Hex-Rays, the binary software analysis company that develops Interactive Disassembler (IDA), says it has detected a breach on one of its servers.
IDA is a popular disassembler that generates assembly language source code from machine-executable code. Hex-Rays licenses the commercial version of the solution, IDA Pro.
According to the company, malicious actors gained unauthorized access to license key (ida.key) files, which contain the customer’s name, email address, and product names. The attackers might have also accessed the forum and quotation system. Hex-Rays says there is no evidence that other information was obtained.
Hex-Rays has issued new IDA license key files to replace the ones that have been compromised. The company has noted that not all license keys need to be replaced. Furthermore, these key files are tied to an email addresses and they can’t be used to receive software updates without having access to that account.
In addition to replacing compromised key files, Hex-rays is advising customers to change their password on the forum and quotation system.
The investigation is still ongoing. However, Ilfak Guilfanov, the original developer of IDA and founder of Hex-Rays, told SecurityWeek that this appears to be a targeted attack.

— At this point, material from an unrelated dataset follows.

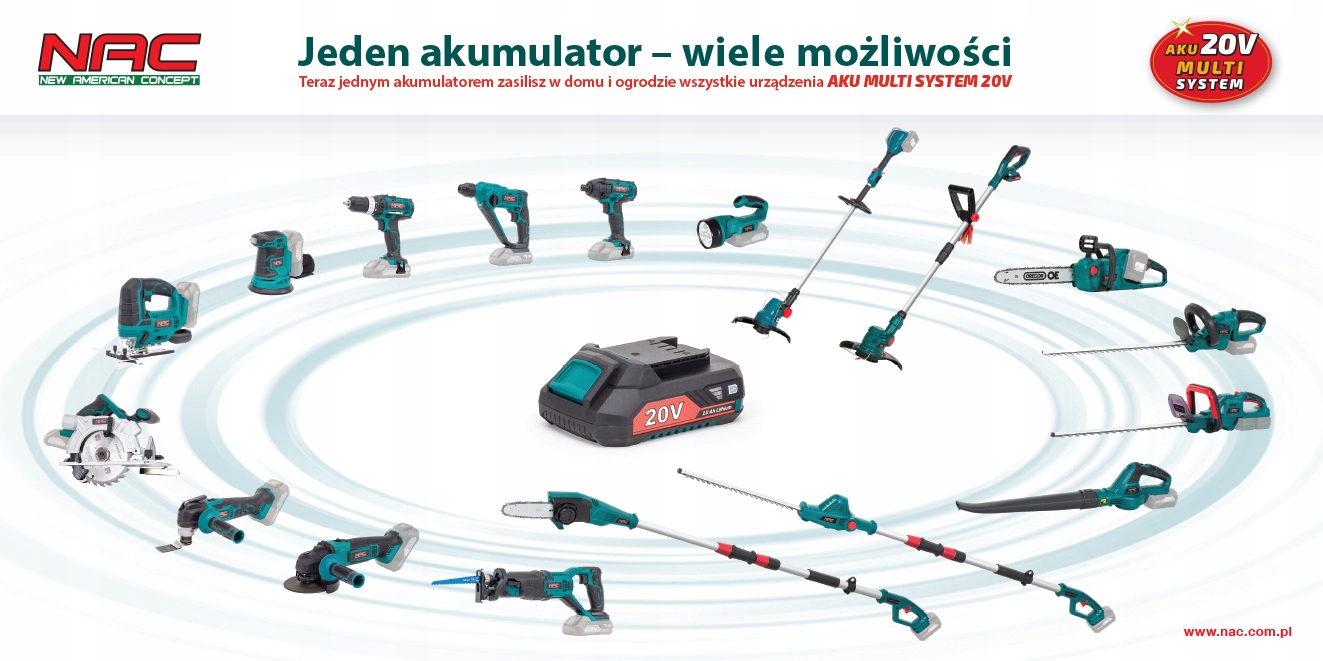 Urządzenie zasilane jest napięciem 20 V z baterii litowo jonowej o dużej pojemności 2000 mAh ze wskaźnikiem naładowania. Dzięki zastosowaniu technologii litowo-jonowej baterie nie mają efektu pamięci (można je w dowolnym czasie doładowywać). Krótki czas ładowania akumulatorów – tylko 1 godzina.

The hackers tried to keep a low profile and collected key data silently. It’s unclear what their goal was, Guilfanov said.
The breach was detected on May 19 and the impacted server was cleaned up the same day. It’s unclear at this point how the attack was carried out, but Hex-Rays believes the dynamic part of its web server, the forum and blogging software, might be a possible attack vector.
“The keys issued on the 20th of May or later are considered to be safe. Also the keys there were never uploaded to our web site (this is done as part of the update procedure, to receive a new version of the software), these keys are considered to be safe too,” Guilfanov said via email.